ABSTRACTSuper-resolution mapping (SRM) is a technique to estimate a fine spatial resolution land cover map from coarse spatial resolution fractional proportion images. SRM is often based explicitly on the use of a spatial pattern model that represents the land cover mosaic at the fine spatial resolution. Recently developed deep learning methods have considerable potential as an alternative approach for SRM, based on learning the spatial pattern of land cover from existing fine resolution data such as land cover maps.
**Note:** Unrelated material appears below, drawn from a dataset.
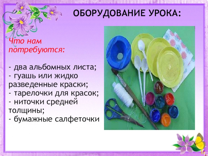 ОБОРУДОВАНИЕ УРОКА:Что нам потребуются:  - два альбомных листа; - гуашь или жидко разведенные краски; - тарелочки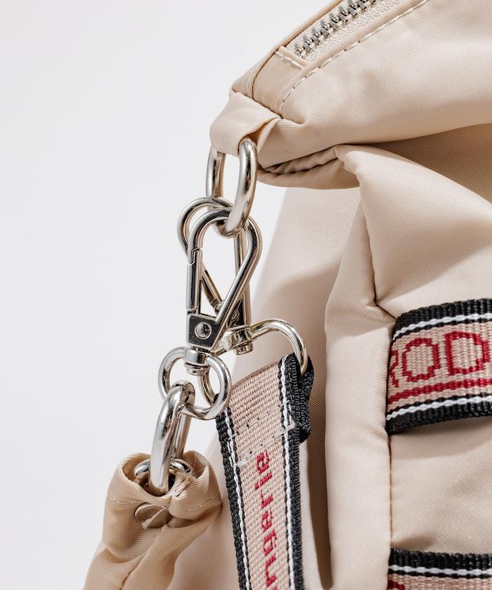 附帶的小袋可通過紐扣拆卸,可通過腰帶作為腰包使用,也可作為附帶手柄的迷你包使用,或單獨作為小袋使用。

This letter proposes a deep learning-based SRM algorithm (DeepSRM). A deep convolutional neural network was first trained to estimate a fine resolution indicator image for each class from the coarse resolution fractional image, and all indicator maps were then combined to create the final fine resolution land cover map based on the maximal value strategy. The results of an experiment undertaken with simulated images show that DeepSRM was superior to conventional hard classification and a suite of popular SRM algorithms, yielding the most accurate land cover representation. Consequently, methods such as DeepSRM may help exploit the potential of remote sensing as a source of accurate land cover information.

Highlights

  • The mixed pixel problem has long been recognised as a major constraint to land cover mapping from remotely sensed imagery, especially if acquired at a coarse spatial resolution and/or for the mapping of highly fragmented landscapes

  • Super-resolution land cover mapping (SRM) provides a further major enhancement by locating the class fractional components predicted by a soft classification geographically in the area represented by mixed pixels (Atkinson 2009; Foody et al 2005; Ge et al 2014; Ling et al 2010)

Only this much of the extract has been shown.